Overview - 何がすごい?
We identify label errors in the test sets of 10 of the most commonly-used computer vision, natural language, and audio datasets, and subsequently study the potential for these label errors to affect benchmark results. Errors in test sets are numerous and widespread: we estimate an average of 3.4% errors across the 10 datasets, where for example 2916 label errors comprise 6% of the ImageNet validation set. Putative label errors are identified using confident learning algorithms and then human-validated via crowdsourcing (54% of the algorithmically-flagged candidates are indeed erroneously labeled). Traditionally, machine learning practitioners choose which model to deploy based on test accuracy - our findings advise caution here, proposing that judging models over correctly labeled test sets may be more useful, especially for noisy real-world datasets. Surprisingly, we find that lower capacity models may be practically more useful than higher capacity models in real-world datasets with high proportions of erroneously labeled data. For example, on ImageNet with corrected labels: ResNet-18 outperforms ResNet50 if the prevalence of originally mislabeled test examples increases by just 6%. On CIFAR-10 with corrected labels: VGG-11 outperforms VGG-19 if the prevalence of originally mislabeled test examples increases by just 5%.

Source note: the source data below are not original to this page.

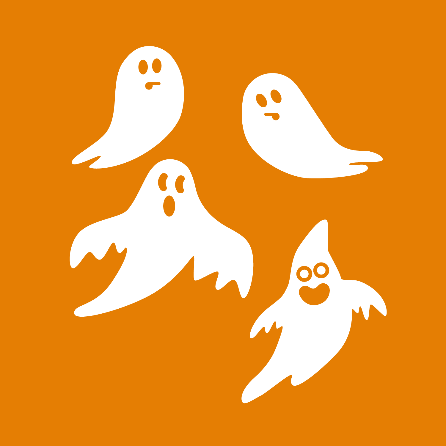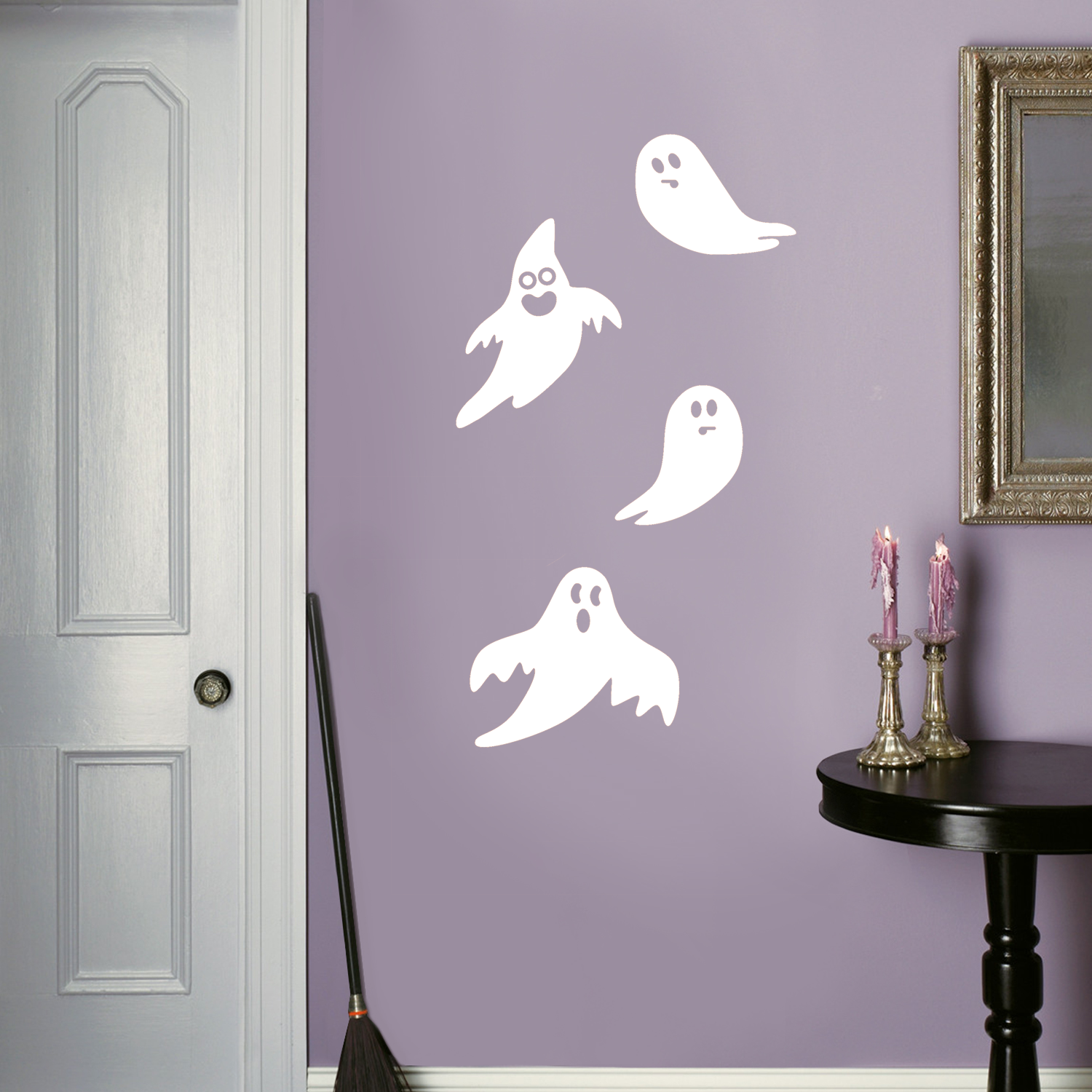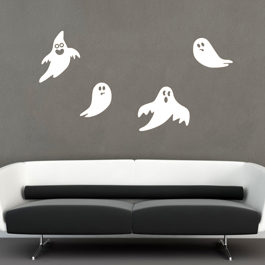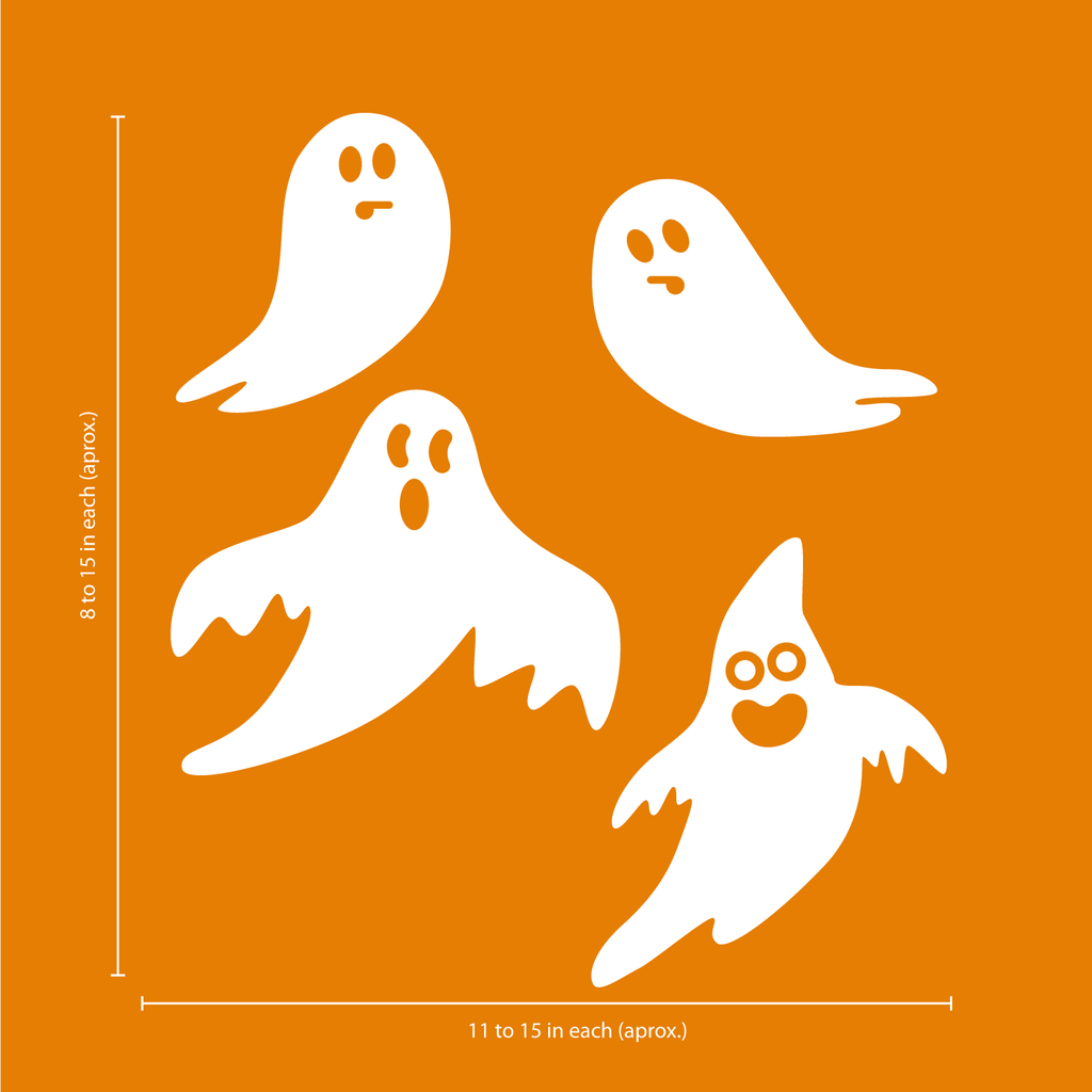 Set of 4 Vinyl Wall Art Decals - Ghosts - from 8" to 15" Each - Fun Spooky Halloween Seasonal Decoration Sticker - Kids Teens Adults Indoor Outdoor Wall Door Window Living Room Office Decor 660078118979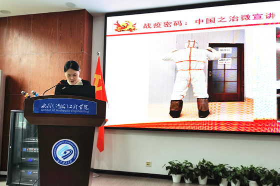 7月3日下午,水利工程学院在工三B319举行“战疫密码:中国之治”宣讲活动。院党委书记喻玲娜主持本次宣讲活动,全院教职工聆听了危润初、刘智光、周璐三位老师的宣讲。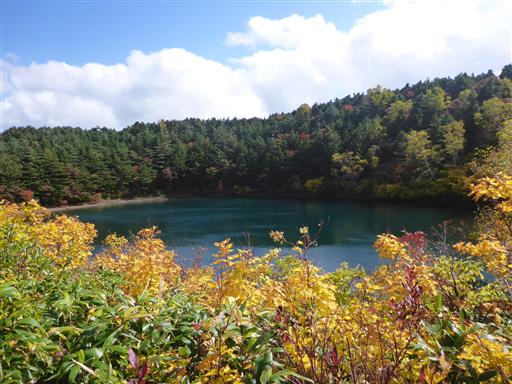 桶沼に到着。ここも噴火口跡だ。吾妻小富士とは異なり、こちらは水を湛えている。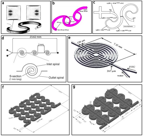 (a) Schematic of the spiral micromixer (The arrow indicates the flow direction); (b) Schematic of the parallel laminar micromixer; (c) Schematic of the spiral based micromixer with sequential logarithmic structure; (d) Schematic of the double spiral based micromixer; (e) Schematic of the labyrinth-like multiple spiral based micromixer; (f) Schematic of the spiral based micromixers with interlocking semicircles; (g) Schematic of the spiral based micromixers with omega-shaped channels. Reproduced with permission from [114,132,133,134,135].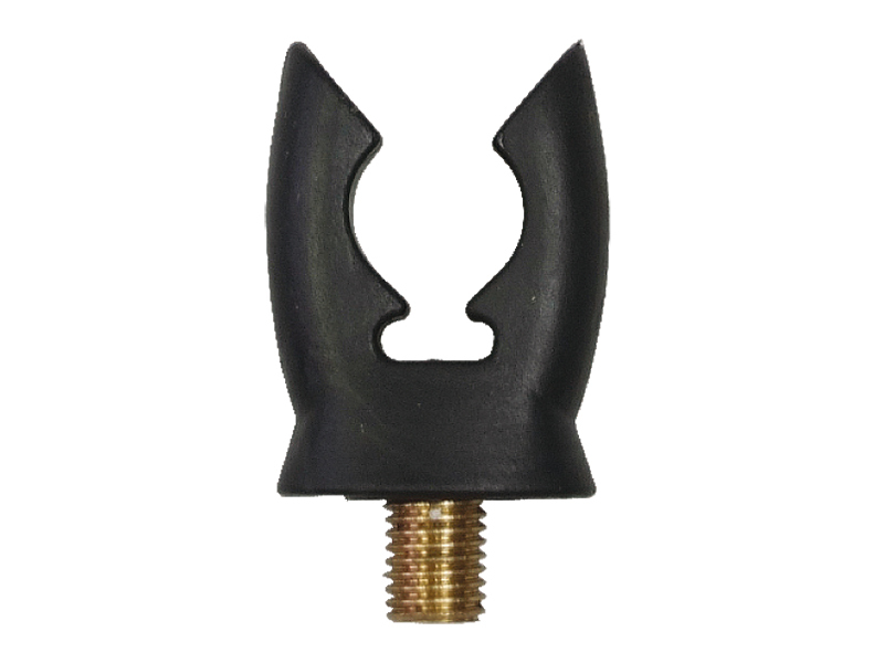 Tato zadní rohatinka je vyrobena z pružné, ale pevné gumy (pryže). Její hlavní výhodou je vysoká přilnavost (protiskluzovost). Při prudkém záběru nebo při lovu ve strmém úhlu ("špičky nahoru") guma pevně drží rukojeť prutu a brání jeho sklouznutí.
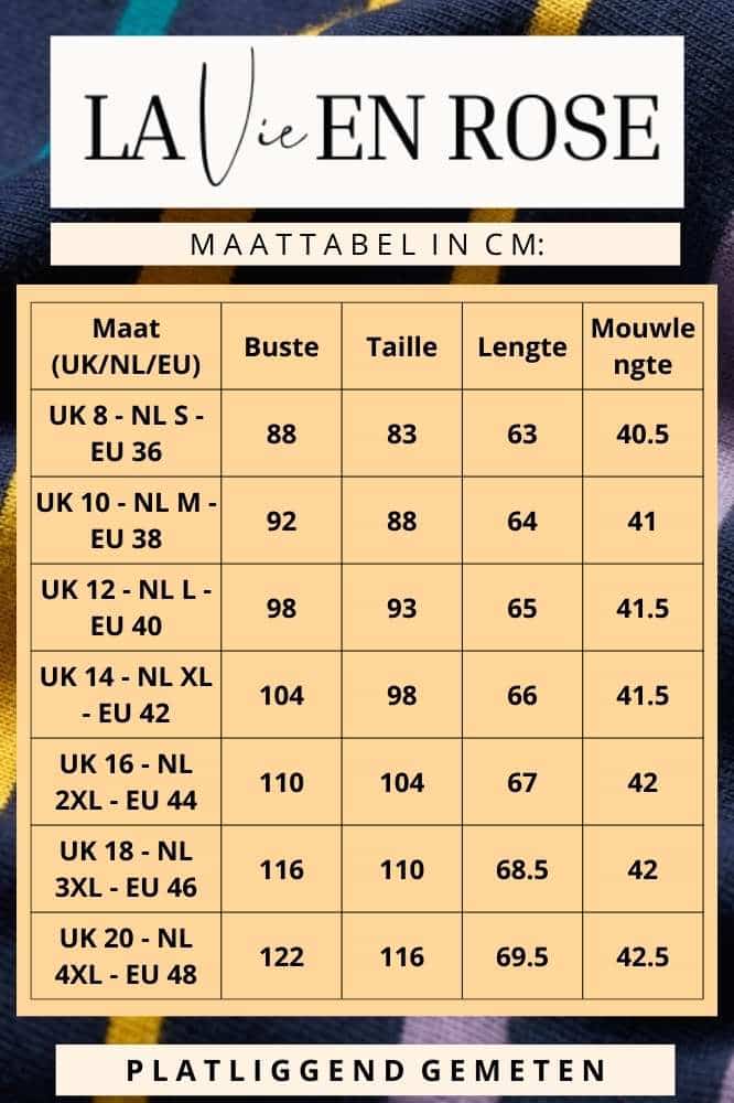 Maat (UK/NL/EU) Buste Taille Lengte Mouwlengte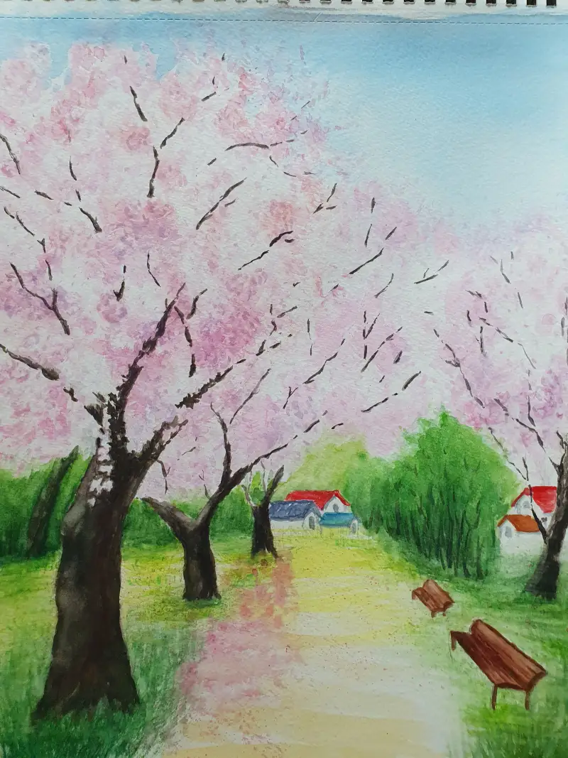 아름다운 벚꽃을 그리며 꽃을 더 관찰하며 아름다움을 느낀 봄입니다. 꽃이 어떻게 생겼는지 나무는 어떻게 생겼는지 가만히 들여다 보는 습관이 생겨 좋습니다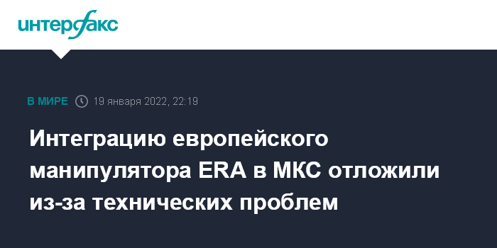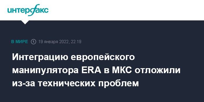 Москва. 19 января. INTERFAX.RU - Работы по интеграции европейского манипулятора ERA в состав МКС отложены из-за технических проблем с манипулятором, сообщил начальник отдела внекорабельной деятельности Ракетно-космической корпорации "Энергия" Александр Полещук.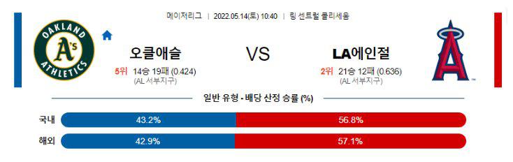 【MLB】 5월14일 오클랜드 vs LA에인절스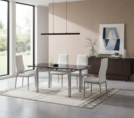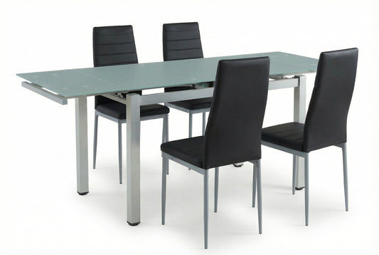 פינת אוכל דגם ונציה - שולחן אוכל אפור ו4 כסאות בשחור
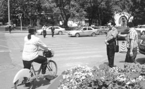“行人听不听劝?乱闯情况好转没?”市道德模范熊德金向文明交通劝导员了解情况时,一名骑电马儿的青年趁着左侧汽车尚未启动,飞快地闯红灯过街。尽管文明交通劝导员急促地吹哨子提醒,对方根本不为所动。

- Confident Learningと言われる手法で間違っていそうな画像を探す → Amazon Mechanical Turkでクラウドソーシングで複数の人間に確認してもらう
Pervasive Label Errors in ML Datasets Destabilize Benchmarks
To our surprise, label errors are pervasive across 10 popular benchmark test sets used in most machine learning research, destabilizing benchmarks. It's well-known that ML datasets are not perfectly labeled. But there hasn't been much research to systematically quantify how error-ridden the most commonly-used ML datasets are at scale.